Было в округе на пять деревень еще два кладбища, но старики сказывали: на тех было, что и покойники из могил вставали, и, собираясь заполночь, ведьмы игры устраивали, куралесили, упыри вдоль дорог шлындали, а на гаврилкином погосте во все времена оставалось все тихо да мирно. Сном упокойным, праведным, спали здесь мало ли-много пожившие свое, и укрывали их приют густой тенью вековые ветвистые сосны.
За кладбищем дорожка уходила в сторону, и недалече уж оставалось до того поворота, да Тараска вдруг запряла  ушами с чего-то, замедлила бег свой и остановилась, как вкопанная, поводя фиолетовым оком и вскидывая белолобую морду. Тарас Ксенофонтович качнулся в бричке вперед, тряхнул головой и первым делом поднял упавшую к ногам шляпу, а потом уж и вожжами пристегнул, легонько так, чтоб кобыленку не обидеть. Послушная всегда, Тараска тут попятилась, все так же беспокойно прядая ушами, и тревожно всхрапнула…
«Ты чего? Эй?» - понукнул Тарас Ксенофонтович и только теперь заметил, что находится рядом с кладбищем. Был бригадир неробкого десятка, ни в черта, ни в бога не верил, но тут в душе его что-то неспокойно щекотнуло и ворохнулось. «Эк, ты ж, чего-то там? - спросил бригадир, поглядывая то вперед на дорогу, то на кладбищенские оградки. С чего-то ж остановилась. - И тут услышал, будто зов шел от погоста, мычный такой зов, сдавленный. - Али давят кого? - Тарас Ксенофонтович прислушался. - Да и нет, кажись.
Тут надо сказать, что, хотя что-то в душе Тараса Ксенофонтовича поначалу и затревожилось, про всякие россказни о нечистой силе в тот момент он даже и не вспомнил. Снова понукнув Тараску, и видя, что она не хочет его послушать, глава полеводческой бригады вылез из брички, кощунственно справил тут же малую нужду, и застегнув прореху, взялся было за вожжи, но тут опять услышал, будто кто-то сдавленно позвал его.
«Эй, эй, чего эй? - Тарас Ксенофонтович принахмурился и взял из кошевки плетку. - Вот возьму, да стегану разок, тогда тебе будет «эй». Забаловался мне.
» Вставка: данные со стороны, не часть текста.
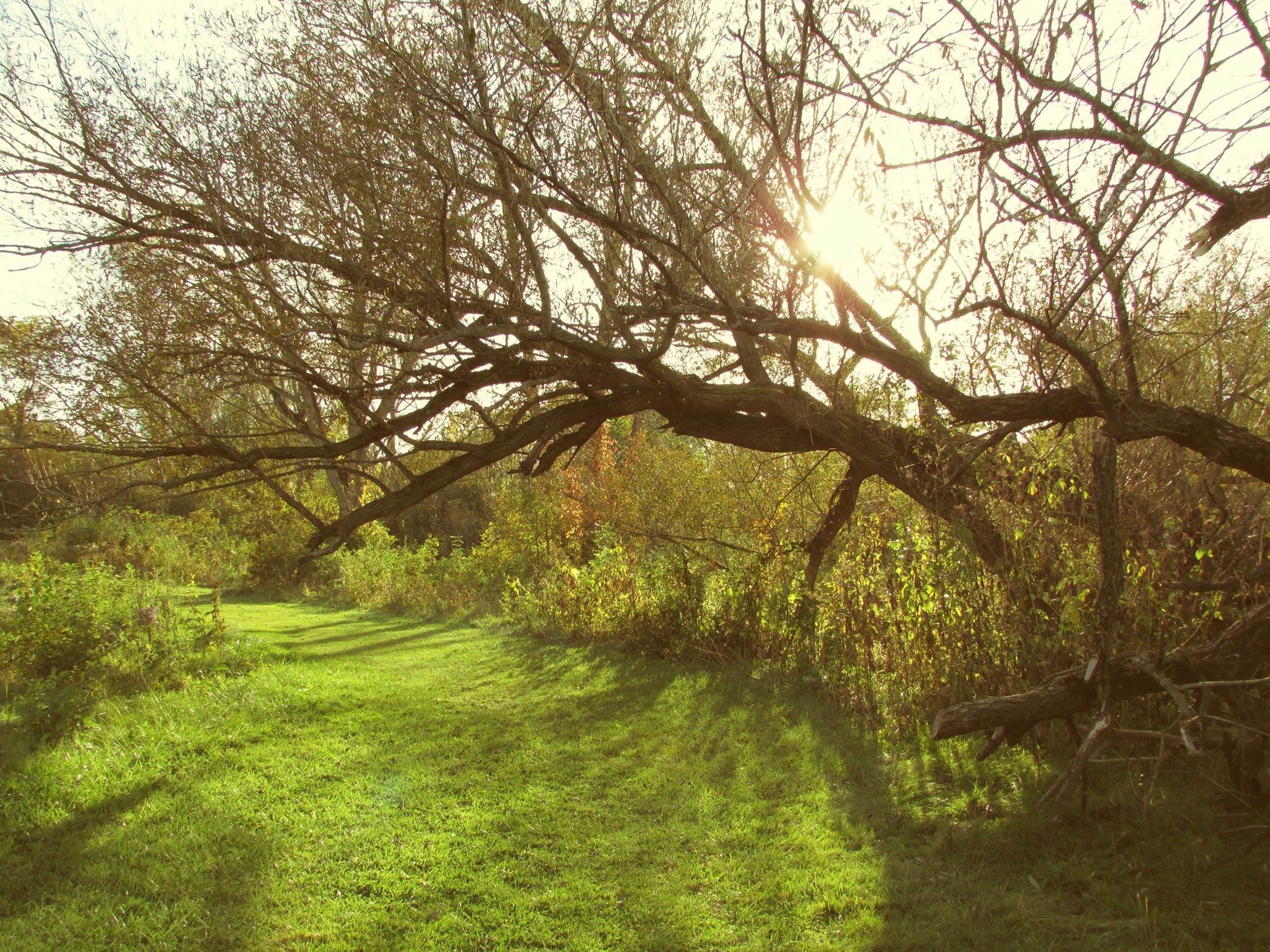 A bent tree hangs over the bend of a grassy path in this picture. The image was taken in early fall and the color scheme has been slightly modified to amplify that.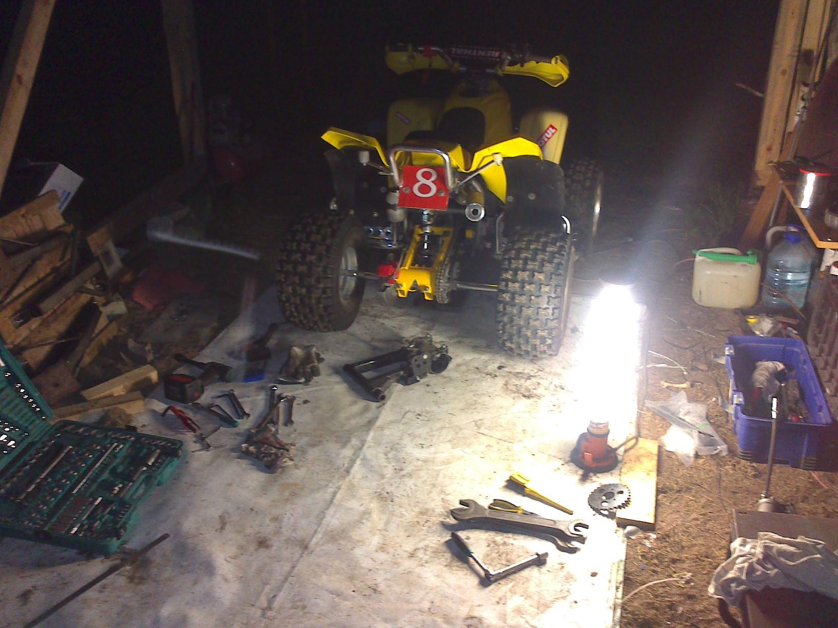 Nüüdseks on quad juba "Legoks" lahti vöetud, et teha täielik Overhaul mootorile ning raam saab tugevdatud ebameeldivate üllatuste vältimiseks.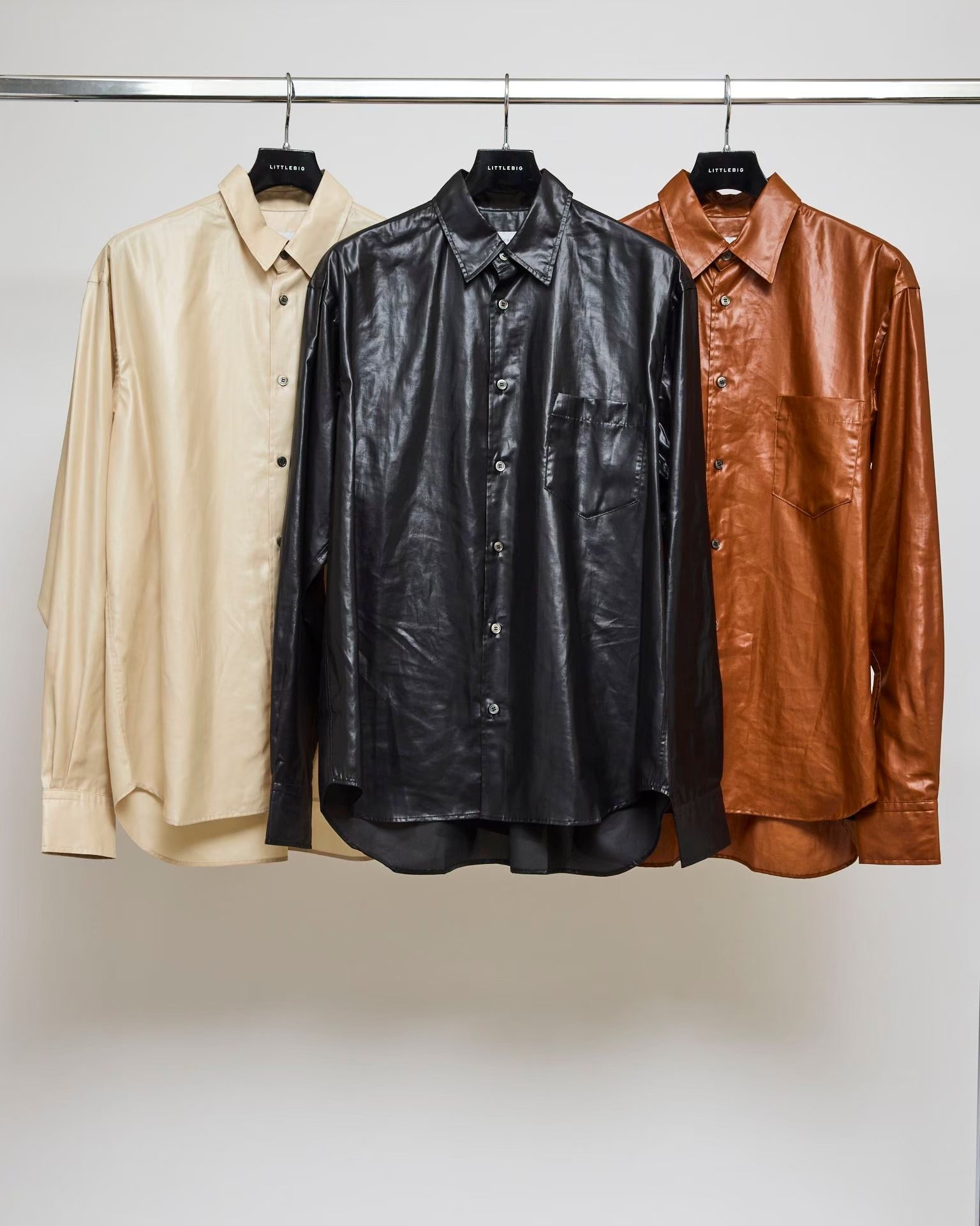 - A leather-like, glossy coated shirt

Я тебе покажу баловать! - пригрозил бригадир тому, кто подавал зов. - Гляди, попугать захотел. Я тебе, мать твою, попугаю.»
Сказав так, Тарас Ксенофонтович решительно сошел с дороги и направился к слабо уже различимым в сумраке оградкам. Здесь он остановился, оглянулся на Тараску, храбро прикашлянул и вошел под темный полог деревьев.
Голос доносился с другого конца кладбища, и бригадир готов был поклясться, не был похож на человеческий и исходил будто бы из-под земли. Это обстоятельство поубавило храбрости в колхозном пропагандисте атеизма, и ему захотелось повернуть назад. Но, повторяю, ни в какую нечисть Тарас Ксенофонтович не верил, атеистическое зерно было посеяно в нем крепко, и сейчас, чтобы доказать себе это, он замурлыкал под нос эстрадную легкомысленную песенку. Но уже через минуту-другую мотив её сошел на другой, пакостный и страшащий душу.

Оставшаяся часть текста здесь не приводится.